* Exercise instructions
With no images included, output each entry below exactly as it appears.

* Given entries

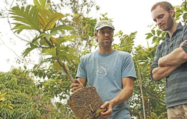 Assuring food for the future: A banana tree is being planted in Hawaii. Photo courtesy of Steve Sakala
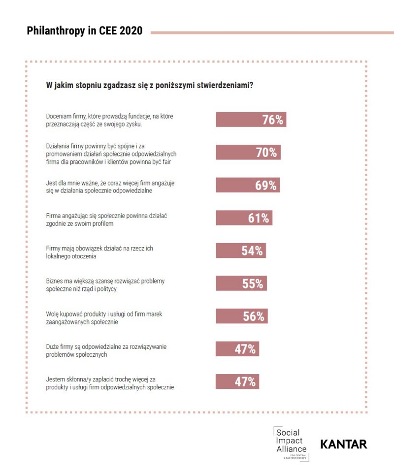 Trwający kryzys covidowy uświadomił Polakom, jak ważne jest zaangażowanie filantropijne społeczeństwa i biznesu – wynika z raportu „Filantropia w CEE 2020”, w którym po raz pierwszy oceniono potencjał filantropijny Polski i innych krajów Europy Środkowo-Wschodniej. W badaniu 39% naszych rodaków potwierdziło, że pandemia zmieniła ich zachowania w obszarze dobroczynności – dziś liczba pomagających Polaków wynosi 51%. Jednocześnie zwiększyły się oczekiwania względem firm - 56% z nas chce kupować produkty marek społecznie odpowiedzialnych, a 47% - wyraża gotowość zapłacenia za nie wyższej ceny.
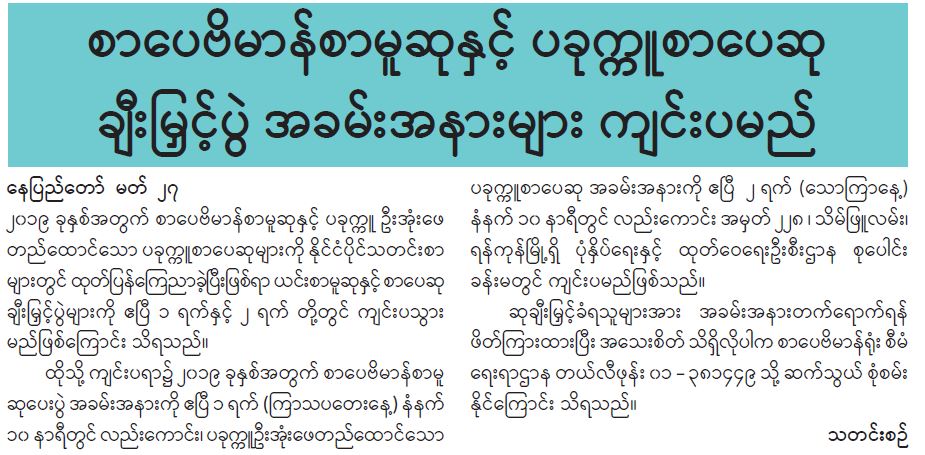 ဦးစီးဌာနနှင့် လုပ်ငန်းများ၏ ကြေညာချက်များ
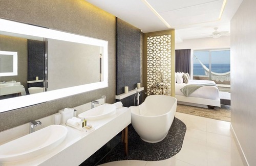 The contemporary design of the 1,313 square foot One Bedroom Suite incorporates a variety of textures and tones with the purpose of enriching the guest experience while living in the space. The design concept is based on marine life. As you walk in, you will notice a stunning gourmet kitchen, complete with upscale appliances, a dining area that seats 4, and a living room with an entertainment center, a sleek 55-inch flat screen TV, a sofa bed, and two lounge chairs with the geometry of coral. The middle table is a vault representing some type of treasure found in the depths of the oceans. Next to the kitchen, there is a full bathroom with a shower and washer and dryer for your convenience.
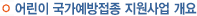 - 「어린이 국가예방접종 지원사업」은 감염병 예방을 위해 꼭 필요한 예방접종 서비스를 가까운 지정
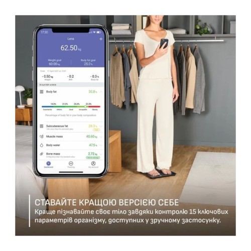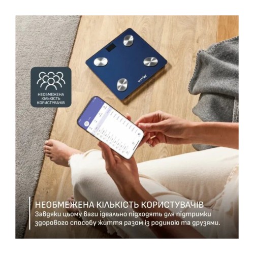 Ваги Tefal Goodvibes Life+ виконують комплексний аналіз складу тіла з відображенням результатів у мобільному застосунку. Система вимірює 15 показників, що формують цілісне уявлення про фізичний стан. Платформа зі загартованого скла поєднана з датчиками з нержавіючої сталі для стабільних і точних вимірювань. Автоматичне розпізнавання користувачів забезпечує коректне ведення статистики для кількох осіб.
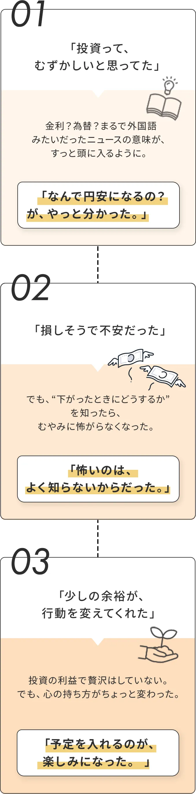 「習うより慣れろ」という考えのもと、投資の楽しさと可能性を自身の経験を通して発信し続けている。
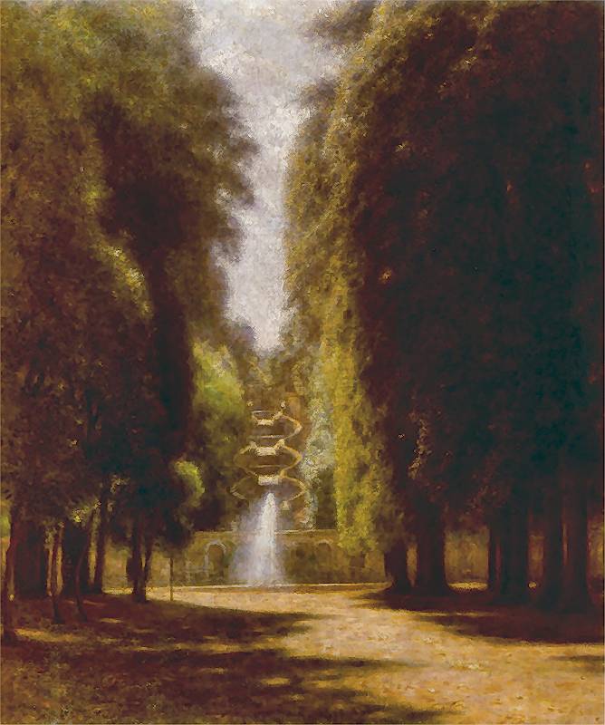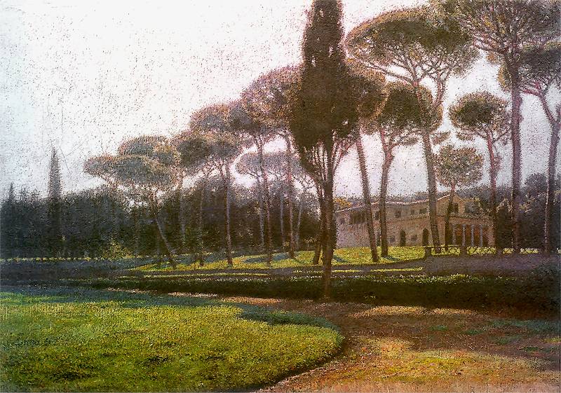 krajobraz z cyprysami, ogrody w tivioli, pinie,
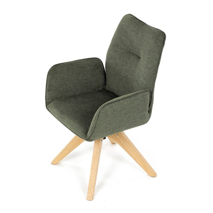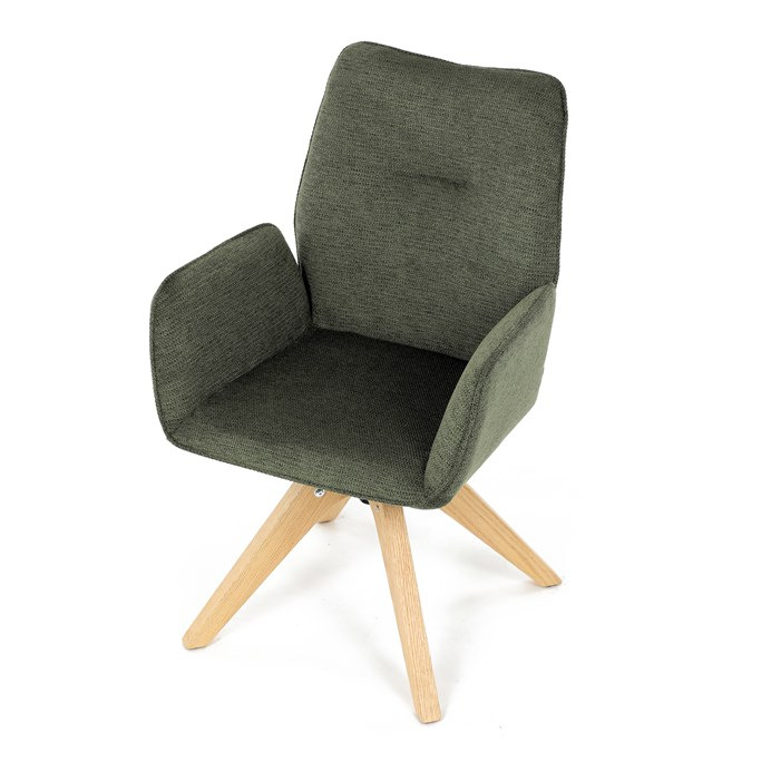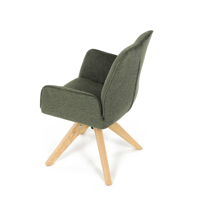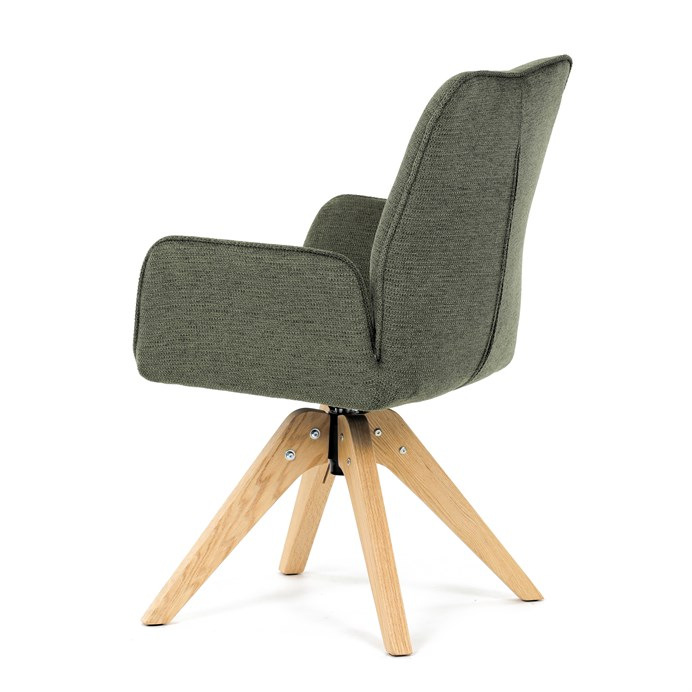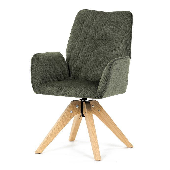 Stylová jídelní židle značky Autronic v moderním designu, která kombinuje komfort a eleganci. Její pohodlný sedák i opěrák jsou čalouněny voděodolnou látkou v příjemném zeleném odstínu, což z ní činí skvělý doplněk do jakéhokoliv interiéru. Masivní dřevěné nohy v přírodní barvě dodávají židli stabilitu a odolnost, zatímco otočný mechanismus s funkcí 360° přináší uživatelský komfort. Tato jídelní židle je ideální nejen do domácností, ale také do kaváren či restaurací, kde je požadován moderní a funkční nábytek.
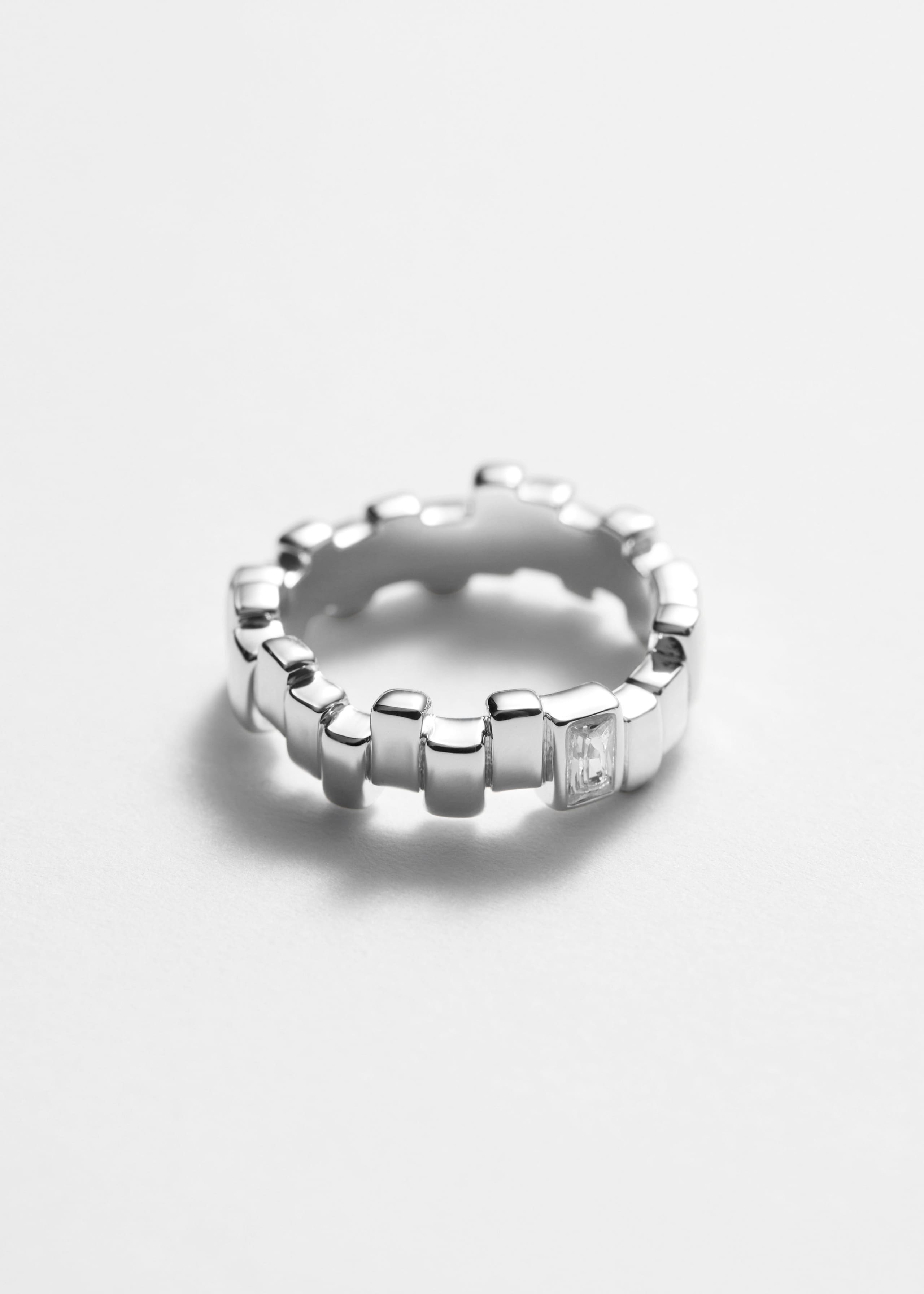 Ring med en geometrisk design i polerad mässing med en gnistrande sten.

* Answer section
 Assuring food for the future: A banana tree is being planted in Hawaii. Photo courtesy of Steve Sakala
 Trwający kryzys covidowy uświadomił Polakom, jak ważne jest zaangażowanie filantropijne społeczeństwa i biznesu – wynika z raportu „Filantropia w CEE 2020”, w którym po raz pierwszy oceniono potencjał filantropijny Polski i innych krajów Europy Środkowo-Wschodniej. W badaniu 39% naszych rodaków potwierdziło, że pandemia zmieniła ich zachowania w obszarze dobroczynności – dziś liczba pomagających Polaków wynosi 51%. Jednocześnie zwiększyły się oczekiwania względem firm - 56% z nas chce kupować produkty marek społecznie odpowiedzialnych, a 47% - wyraża gotowość zapłacenia za nie wyższej ceny.
 ဦးစီးဌာနနှင့် လုပ်ငန်းများ၏ ကြေညာချက်များ
 The contemporary design of the 1,313 square foot One Bedroom Suite incorporates a variety of textures and tones with the purpose of enriching the guest experience while living in the space. The design concept is based on marine life. As you walk in, you will notice a stunning gourmet kitchen, complete with upscale appliances, a dining area that seats 4, and a living room with an entertainment center, a sleek 55-inch flat screen TV, a sofa bed, and two lounge chairs with the geometry of coral. The middle table is a vault representing some type of treasure found in the depths of the oceans. Next to the kitchen, there is a full bathroom with a shower and washer and dryer for your convenience.
 - 「어린이 국가예방접종 지원사업」은 감염병 예방을 위해 꼭 필요한 예방접종 서비스를 가까운 지정
 Ваги Tefal Goodvibes Life+ виконують комплексний аналіз складу тіла з відображенням результатів у мобільному застосунку. Система вимірює 15 показників, що формують цілісне уявлення про фізичний стан. Платформа зі загартованого скла поєднана з датчиками з нержавіючої сталі для стабільних і точних вимірювань. Автоматичне розпізнавання користувачів забезпечує коректне ведення статистики для кількох осіб.
 「習うより慣れろ」という考えのもと、投資の楽しさと可能性を自身の経験を通して発信し続けている。
 krajobraz z cyprysami, ogrody w tivioli, pinie,
 Stylová jídelní židle značky Autronic v moderním designu, která kombinuje komfort a eleganci. Její pohodlný sedák i opěrák jsou čalouněny voděodolnou látkou v příjemném zeleném odstínu, což z ní činí skvělý doplněk do jakéhokoliv interiéru. Masivní dřevěné nohy v přírodní barvě dodávají židli stabilitu a odolnost, zatímco otočný mechanismus s funkcí 360° přináší uživatelský komfort. Tato jídelní židle je ideální nejen do domácností, ale také do kaváren či restaurací, kde je požadován moderní a funkční nábytek.
 Ring med en geometrisk design i polerad mässing med en gnistrande sten.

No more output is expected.